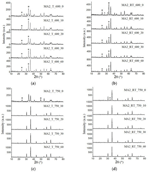 X-ray diffraction patterns of LiTi ferrite synthesized by T (a,c) and RT (b,d) heating at 600 (a,b) and 750 (c,d) °C for different isothermal holding times. *—Fe2O3, ^—Li2CO3, X—TiO2.
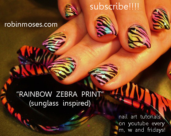 Another Zebra Stripe Rainbow Nail Art Design With Matching
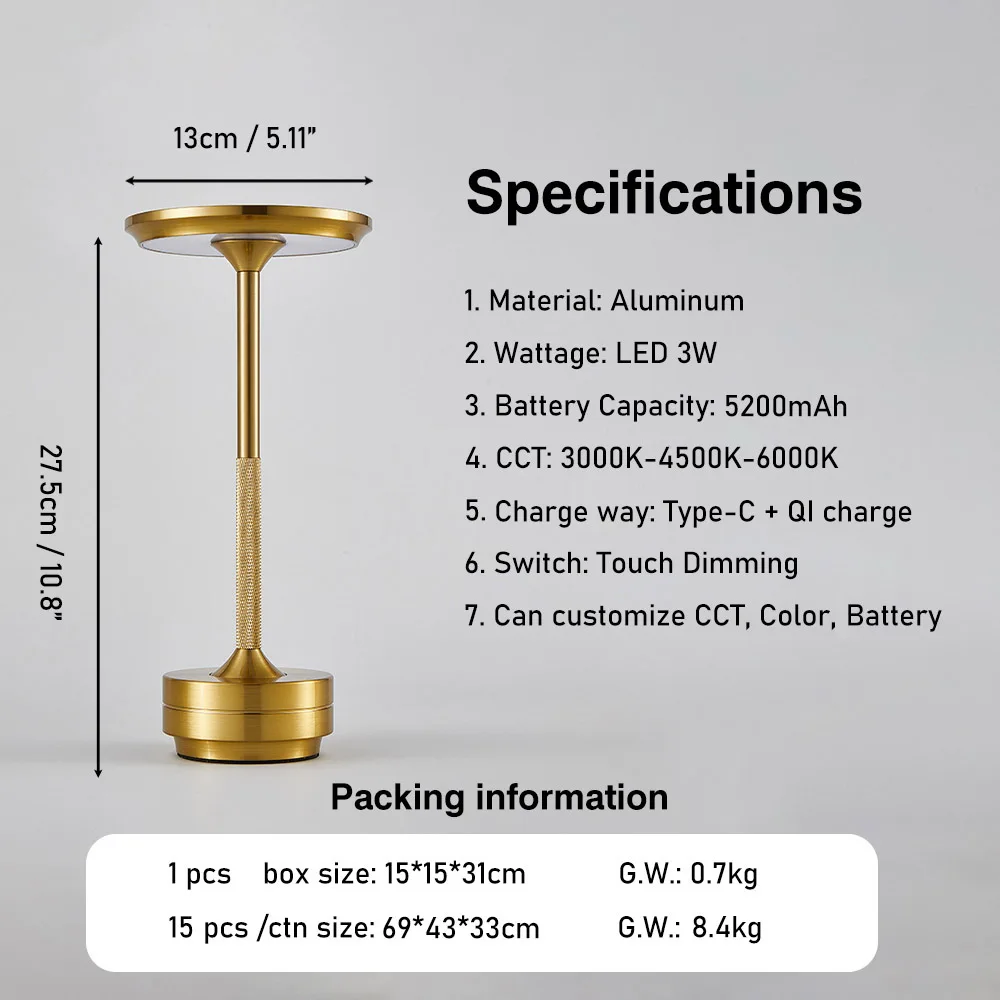 • lampe de table sans fil,lampe tactile rechargeable,éclairage led design,lampe de chevet dorée,décoration maison luxe,lampe restaurant sans fil,lampe portable aluminium,idée cadeau déco,ambiance ramadan,veilleuse adulte Livraison sur casablanca
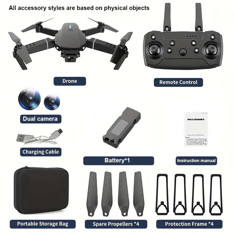Up/down, Forward/backward, Turn left/right, Sideward flight, 3-level flight speed, LED Light, Headless Mode, One Key Automatic Return, Altitude Hold Mode, WiFi FPV, Trajectory Flight, Camera/Video
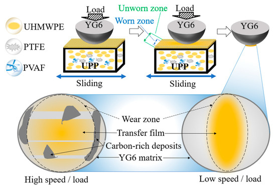 Figure 7 shows the schematic diagram of friction mechanism of UPPs. During the friction process, the frictional cutting effect of the steel ball on the UPPs surface material disrupted the superhydrophobic microstructure, and the morphology of the wear mark area changed. Then, part of the surface material is peeled off and transferred to the surface of the steel balls of the friction pair, forming a transfer film, and the friction coefficient decreases, entering the stable period. At this point, the interfacial friction changes from “UPP-YG6” to “UPP-transfer film”, maintaining a low coefficient of friction. Under low-speed or low-load conditions, a thin polymer transfer film covering the surface of the steel balls is formed. Under high-speed or high-load conditions, the stripped surface material fails to fully spread and form a transfer film during the process of being transferred to the surface of the steel ball, and adheres to the surface of the steel ball under the effect of frictional temperature rise. As more and more materials are transferred by friction and shearing, these carbon-rich adherend gradually become larger and thicker, eventually forming carbon-rich zones. The surface smoothness drops sharply, the friction force increases, and the friction coefficient is higher than that under low-speed and low-load conditions. These carbon-rich accumulation areas are large in area, uneven in thickness and high in hardness, like “hard particles” scraping UPP, resulting in a high wear rate.
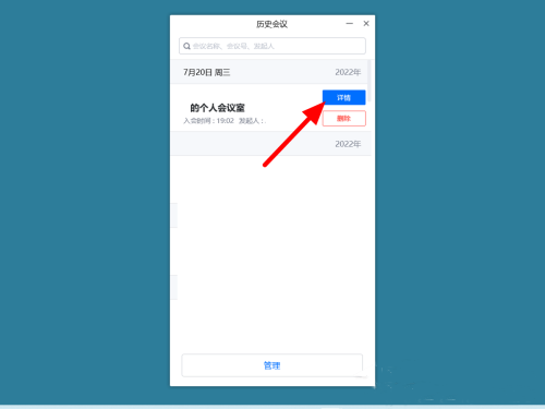 2、在历史会议界面,点击“详情”。

········

**Required work:**
What the response needs is every entry, repeated exactly, and none of the pictures.

**Exercise response:**
 X-ray diffraction patterns of LiTi ferrite synthesized by T (a,c) and RT (b,d) heating at 600 (a,b) and 750 (c,d) °C for different isothermal holding times. *—Fe2O3, ^—Li2CO3, X—TiO2.
 Another Zebra Stripe Rainbow Nail Art Design With Matching
 • lampe de table sans fil,lampe tactile rechargeable,éclairage led design,lampe de chevet dorée,décoration maison luxe,lampe restaurant sans fil,lampe portable aluminium,idée cadeau déco,ambiance ramadan,veilleuse adulte Livraison sur casablanca
Up/down, Forward/backward, Turn left/right, Sideward flight, 3-level flight speed, LED Light, Headless Mode, One Key Automatic Return, Altitude Hold Mode, WiFi FPV, Trajectory Flight, Camera/Video
 Figure 7 shows the schematic diagram of friction mechanism of UPPs. During the friction process, the frictional cutting effect of the steel ball on the UPPs surface material disrupted the superhydrophobic microstructure, and the morphology of the wear mark area changed. Then, part of the surface material is peeled off and transferred to the surface of the steel balls of the friction pair, forming a transfer film, and the friction coefficient decreases, entering the stable period. At this point, the interfacial friction changes from “UPP-YG6” to “UPP-transfer film”, maintaining a low coefficient of friction. Under low-speed or low-load conditions, a thin polymer transfer film covering the surface of the steel balls is formed. Under high-speed or high-load conditions, the stripped surface material fails to fully spread and form a transfer film during the process of being transferred to the surface of the steel ball, and adheres to the surface of the steel ball under the effect of frictional temperature rise. As more and more materials are transferred by friction and shearing, these carbon-rich adherend gradually become larger and thicker, eventually forming carbon-rich zones. The surface smoothness drops sharply, the friction force increases, and the friction coefficient is higher than that under low-speed and low-load conditions. These carbon-rich accumulation areas are large in area, uneven in thickness and high in hardness, like “hard particles” scraping UPP, resulting in a high wear rate.
 2、在历史会议界面,点击“详情”。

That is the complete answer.